Il ne s'agit pas de lancer un projet quantique pour le principe, ni de répondre à une injonction stratégique déconnectée des réalités opérationnelles. Voici comment y réfléchir en adulte.

Faites votre inventaire cryptographique. C'est la recommandation la plus immédiatement actionnables, indépendamment de Lucy ou du quantique en général. Quels algorithmes cryptographiques utilisez-vous, où, et quelle est votre capacité à les migrer ? L'ANSSI publie des guides sur ce sujet. C'est un travail de fond, souvent révélateur de dettes techniques cachées.

Identifiez vos cas d'usage potentiels sans vous précipiter. Plutôt que de demander à un prestataire « faites-nous une POC quantique », posez la question autrement : dans vos processus actuels, où passez-vous du temps de calcul significatif sur des problèmes d'optimisation ou de simulation ? Ce sont ces problèmes-là qui pourraient, à terme, bénéficier d'une approche quantique ou quantique-hybride. Les identifier maintenant, c'est se donner de l'avance.

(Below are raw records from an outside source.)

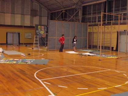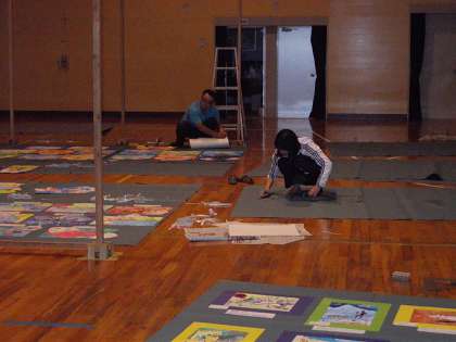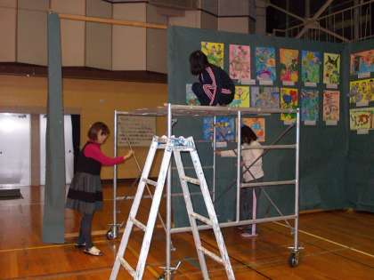 先生たちの頑張り【11月6日(水)】 公開日 2014/11/06 更新日 2014/11/06 校長室より 5時を過ぎるとあっという間に暗くなる今日この頃ですが、体育館は明るく照らし出されていました。先生方が15日に行われる展覧会の準備をしていたのです。
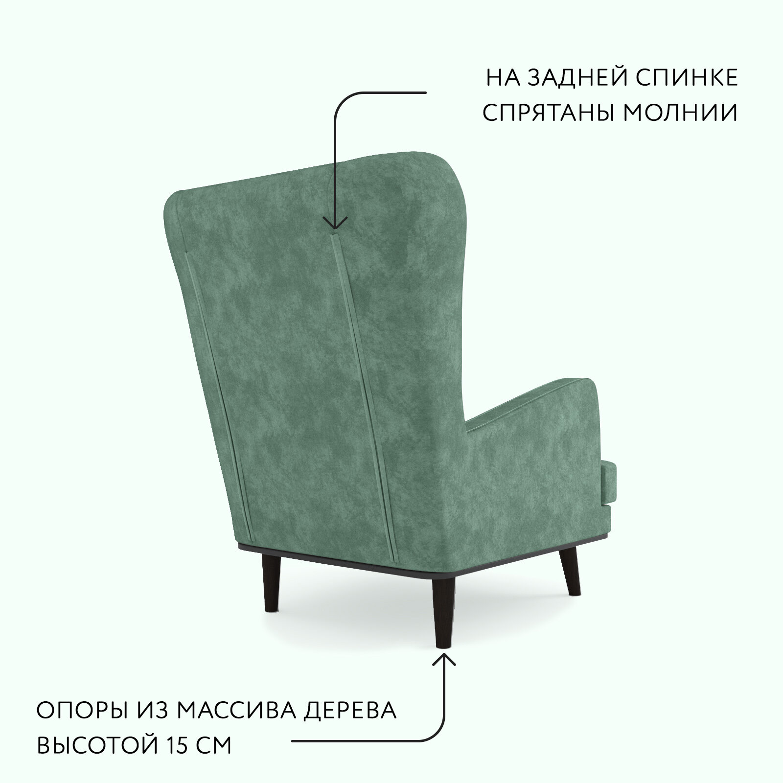 Кресло ОБСТАНОВКА. РУ Вегас мягкое с ушами, для дома, велюр Velour 19
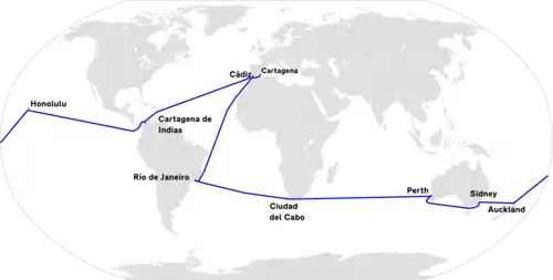 The Malaspina circumnavigation expedition was an interdisciplinary research project to assess the impact of global change on the oceans and explore their biodiversity. The 250 scientists on board the Hespérides and RV Sarmiento de Gamboa embarked on an eight-month expedition (starting in December 2010) scientific research with training for young researchers - advancing marine science and fostering the public understanding of science.
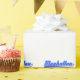 Manhattan, New York City, written with a swash (tail). Fonts in white and blue. Original text design.
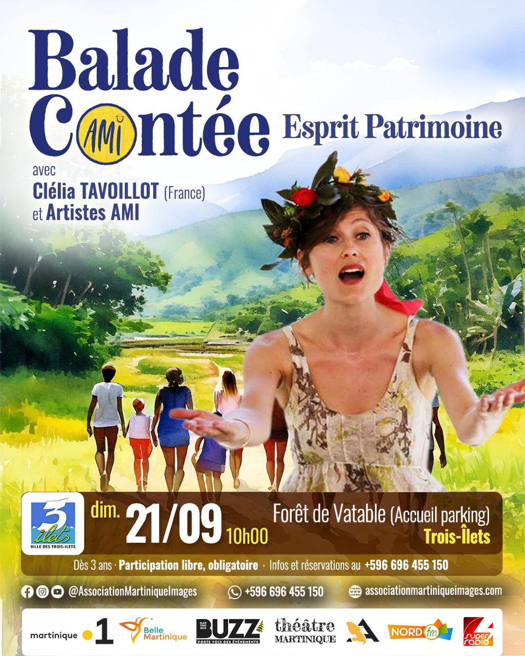 Clélia Tavoillot rejoint l’association Martinique Images (AMI) le temps d’une balade contée, mettant en valeur notre patrimoine, dans la forêt de Vatable, dimanche 21/09 à 10h.

Regardez les programmes d'accès anticipé. Alice & Bob, comme d'autres acteurs de l'écosystème (le CEA et ses partenariats industriels, l'initiative Pasqal dans le domaine des atomes neutres), proposent ou proposeront des accès à leurs plateformes pour des partenaires industriels. Ce ne sont pas des projets à budget d'exploitation, mais des investissements en capacité intellectuelle. Pour une DSI ou une CTO qui veut comprendre où va la technologie, c'est plus utile que de lire des rapports de cabinets de conseil.

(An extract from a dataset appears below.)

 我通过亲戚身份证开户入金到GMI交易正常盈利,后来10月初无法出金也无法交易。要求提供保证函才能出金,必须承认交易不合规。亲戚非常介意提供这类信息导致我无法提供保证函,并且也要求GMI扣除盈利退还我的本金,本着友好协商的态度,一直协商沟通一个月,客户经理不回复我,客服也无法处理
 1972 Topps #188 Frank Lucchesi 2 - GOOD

Ne cédez pas à la pression du narratif. Le quantique génère beaucoup de bruit marketing. Des vendeurs vont vous proposer des « solutions quantiques » qui sont, dans les faits, des algorithmes classiques avec un packaging trompeur, ou des cas d'usage pour lesquels le quantique n'apporte rien de différentiel aujourd'hui. La meilleure protection contre ça, c'est de comprendre soi-même les fondamentaux — pas pour devenir physicien, mais pour poser les bonnes questions.

La vraie question de fond

Lucy est un signal, pas une solution clé en main. Elle dit quelque chose d'important sur la capacité de l'Europe à produire de la technologie de rupture et pas seulement à la consommer. Mais le chemin entre un instrument de recherche prometteur et une infrastructure industrielle mature est long, semé d'obstacles techniques et économiques réels.

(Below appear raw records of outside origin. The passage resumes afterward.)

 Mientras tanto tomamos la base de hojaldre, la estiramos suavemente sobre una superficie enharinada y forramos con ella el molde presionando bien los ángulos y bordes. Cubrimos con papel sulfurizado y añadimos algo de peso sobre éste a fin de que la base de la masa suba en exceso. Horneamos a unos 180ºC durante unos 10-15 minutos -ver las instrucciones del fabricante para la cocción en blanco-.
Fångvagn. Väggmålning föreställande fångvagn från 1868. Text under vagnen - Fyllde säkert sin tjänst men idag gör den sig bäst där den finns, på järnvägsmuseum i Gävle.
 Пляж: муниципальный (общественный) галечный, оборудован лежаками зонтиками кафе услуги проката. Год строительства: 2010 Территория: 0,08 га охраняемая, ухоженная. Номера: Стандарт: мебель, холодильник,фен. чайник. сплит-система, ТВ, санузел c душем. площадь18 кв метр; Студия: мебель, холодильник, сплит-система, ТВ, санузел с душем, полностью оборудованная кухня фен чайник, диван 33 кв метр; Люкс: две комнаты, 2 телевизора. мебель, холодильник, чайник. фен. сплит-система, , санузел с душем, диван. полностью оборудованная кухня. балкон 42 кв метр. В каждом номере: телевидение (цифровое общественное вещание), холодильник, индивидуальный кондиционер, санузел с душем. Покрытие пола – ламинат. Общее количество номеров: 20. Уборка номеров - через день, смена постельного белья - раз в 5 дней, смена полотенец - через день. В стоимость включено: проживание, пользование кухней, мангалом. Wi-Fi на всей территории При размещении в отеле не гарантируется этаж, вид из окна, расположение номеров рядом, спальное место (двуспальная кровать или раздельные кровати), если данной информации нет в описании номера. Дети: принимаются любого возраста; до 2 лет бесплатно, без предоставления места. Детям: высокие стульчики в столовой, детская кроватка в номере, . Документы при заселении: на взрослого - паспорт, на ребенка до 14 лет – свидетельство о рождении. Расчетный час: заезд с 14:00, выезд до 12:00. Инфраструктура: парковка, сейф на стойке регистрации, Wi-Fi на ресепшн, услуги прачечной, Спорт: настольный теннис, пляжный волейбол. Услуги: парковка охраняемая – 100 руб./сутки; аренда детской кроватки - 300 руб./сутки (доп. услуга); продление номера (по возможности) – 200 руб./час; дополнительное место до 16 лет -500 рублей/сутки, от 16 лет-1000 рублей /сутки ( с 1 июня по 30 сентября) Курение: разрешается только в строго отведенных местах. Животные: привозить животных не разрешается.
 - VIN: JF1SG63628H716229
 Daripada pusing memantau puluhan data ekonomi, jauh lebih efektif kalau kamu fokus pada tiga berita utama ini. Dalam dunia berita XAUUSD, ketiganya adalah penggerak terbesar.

La souveraineté technologique ne se décrète pas. Elle se construit dans les choix quotidiens — quelles plateformes on expérimente, quelles compétences on développe en interne, avec quels partenaires on construit des cas d'usage. Sur le quantique, l'Europe a encore une fenêtre pour ne pas rejouer le scénario du cloud : arriver en retard, constater la dépendance, et passer les dix années suivantes à essayer de la résorber.

La question que vous devriez peut-être vous poser n'est pas « est-ce que le quantique me concerne ? » mais « est-ce que je veux que ce soit IBM ou Alice & Bob qui forme mes équipes dans cinq ans, et est-ce que ça change quelque chose pour moi ? »

La réponse dépend de votre secteur, de votre appétit au risque technologique, et de ce que vous pensez que la souveraineté vaut concrètement dans votre contexte. Mais c'est une question qui mérite d'être posée sérieusement, maintenant — pendant qu'il y a encore des choix à faire.